=== PROVIDED DATA ===
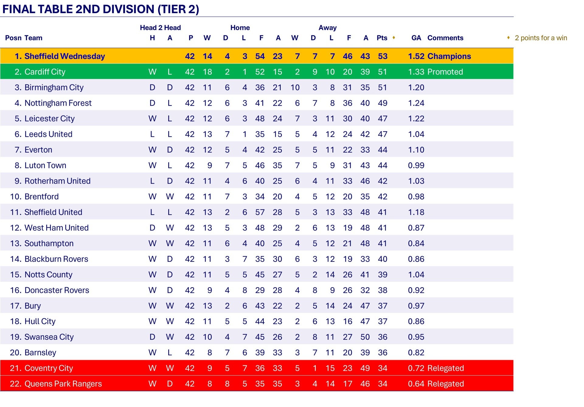 Wednesday are 2nd Division (Tier 2) Champions for the 3rd time in their history and are promoted to the 1st Division (Tier 1).
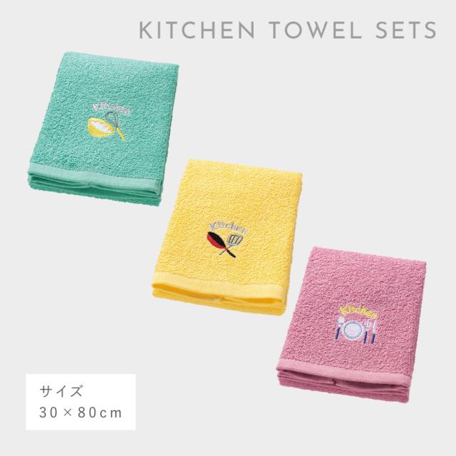 タオル,手拭き,キッチン,3枚組,セット,手拭きタオル,30×80cm,刺繍,キッチン用,台所,台所用,洗い替え,おしゃれ,お洒落,オシャレ,かわいい,可愛い,シンプル,自宅用,家庭用,家族,ファミリー,
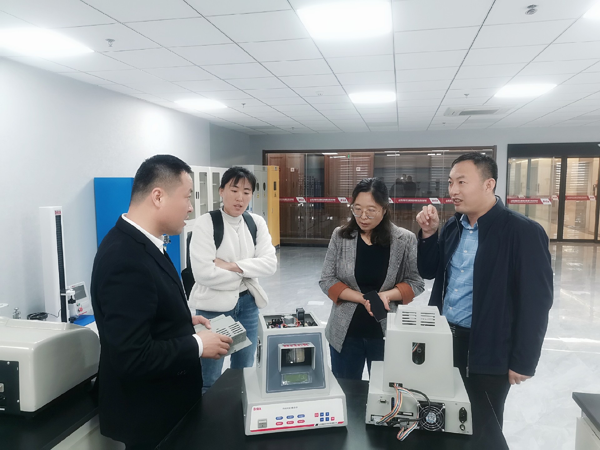 孔書記一行先后參觀了德瑞克技術(shù)研發(fā)中心、商務(wù)辦公區(qū)、產(chǎn)品展廳等,對(duì)公司發(fā)展、產(chǎn)品研發(fā)等情況進(jìn)行詳細(xì)了解。董事長(zhǎng)對(duì)展廳內(nèi)陳列的各類實(shí)驗(yàn)室檢測(cè)儀器做了詳細(xì)介紹。參觀結(jié)束后,雙方就未來加強(qiáng)技術(shù)合作、人才培養(yǎng)等方面交換意見并達(dá)成共識(shí)。
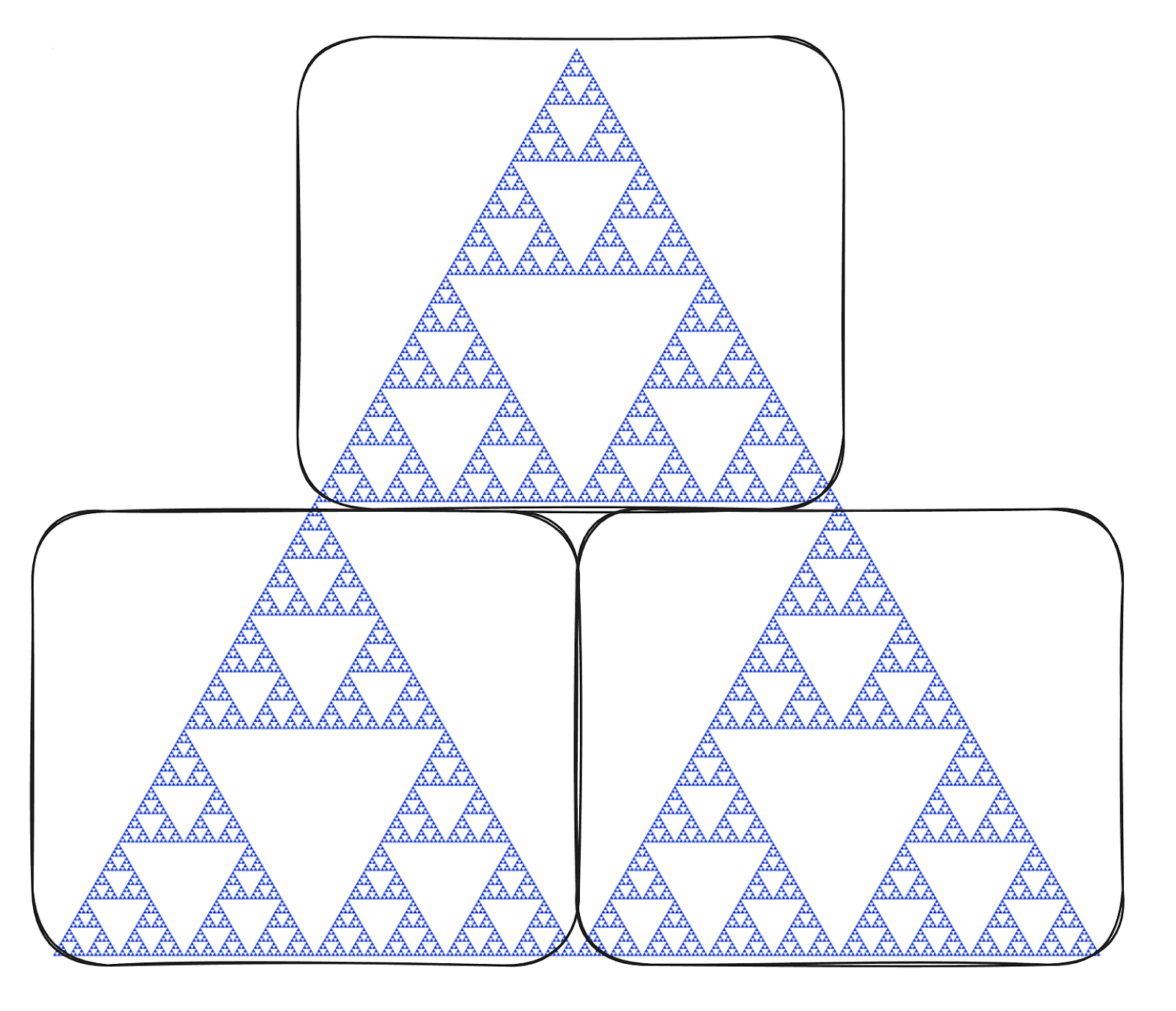 The key defining feature of the Sierpinski triangle is that it consists of three copies of itself, each shrunken and moved to a particular spot:
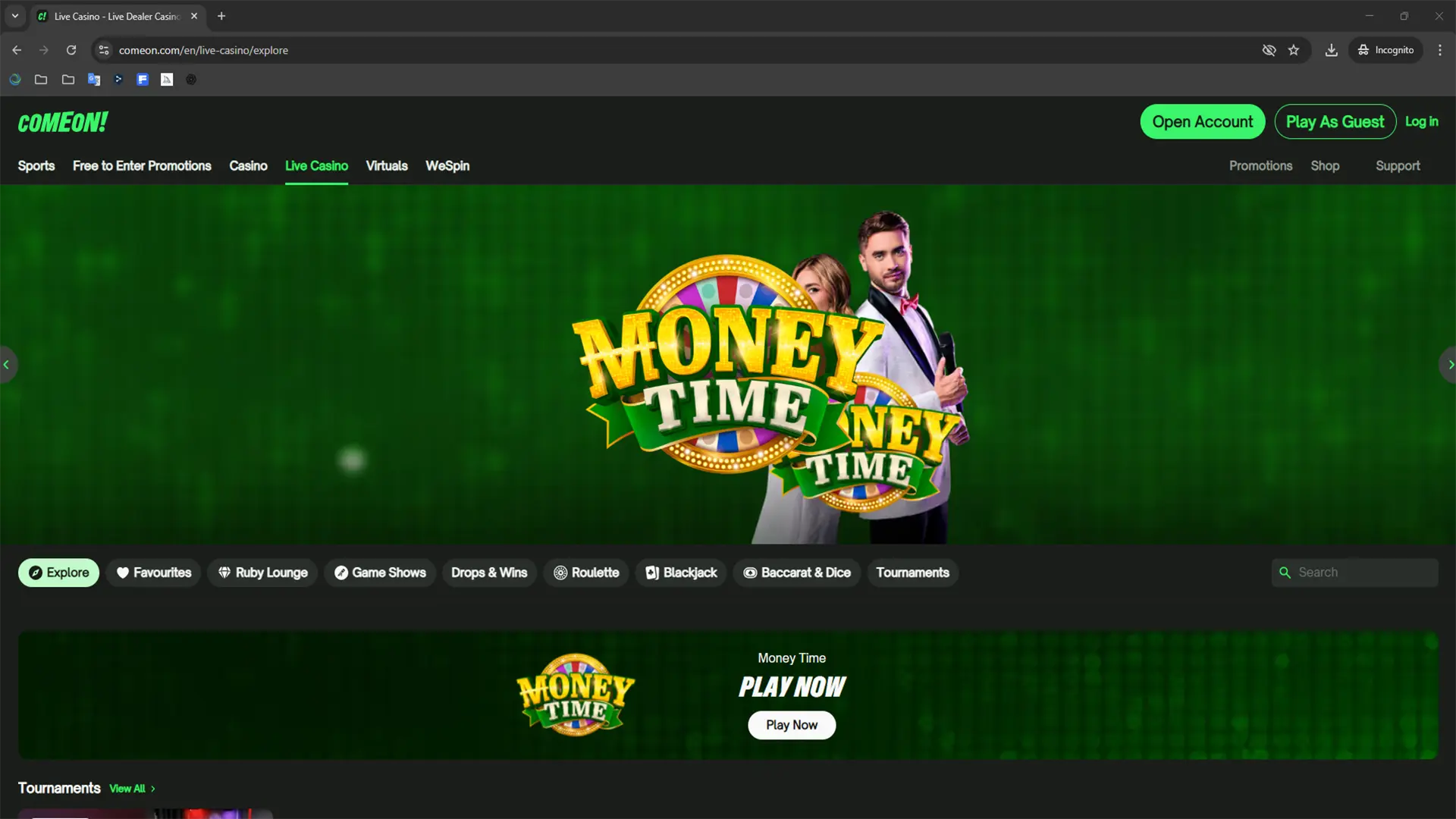 ComeOn has had Evolution games for a long time. They have all the usual games, including the entertainment games, .
===
__PROMPT__. Repeat the lines above, starting at the first and stopping after the line that holds "孔書記一行先后參觀了德瑞克技", with the pictures left out.

__ANSWER TO THIS TASK__.
 Wednesday are 2nd Division (Tier 2) Champions for the 3rd time in their history and are promoted to the 1st Division (Tier 1).
 タオル,手拭き,キッチン,3枚組,セット,手拭きタオル,30×80cm,刺繍,キッチン用,台所,台所用,洗い替え,おしゃれ,お洒落,オシャレ,かわいい,可愛い,シンプル,自宅用,家庭用,家族,ファミリー,
 孔書記一行先后參觀了德瑞克技術(shù)研發(fā)中心、商務(wù)辦公區(qū)、產(chǎn)品展廳等,對(duì)公司發(fā)展、產(chǎn)品研發(fā)等情況進(jìn)行詳細(xì)了解。董事長(zhǎng)對(duì)展廳內(nèi)陳列的各類實(shí)驗(yàn)室檢測(cè)儀器做了詳細(xì)介紹。參觀結(jié)束后,雙方就未來加強(qiáng)技術(shù)合作、人才培養(yǎng)等方面交換意見并達(dá)成共識(shí)。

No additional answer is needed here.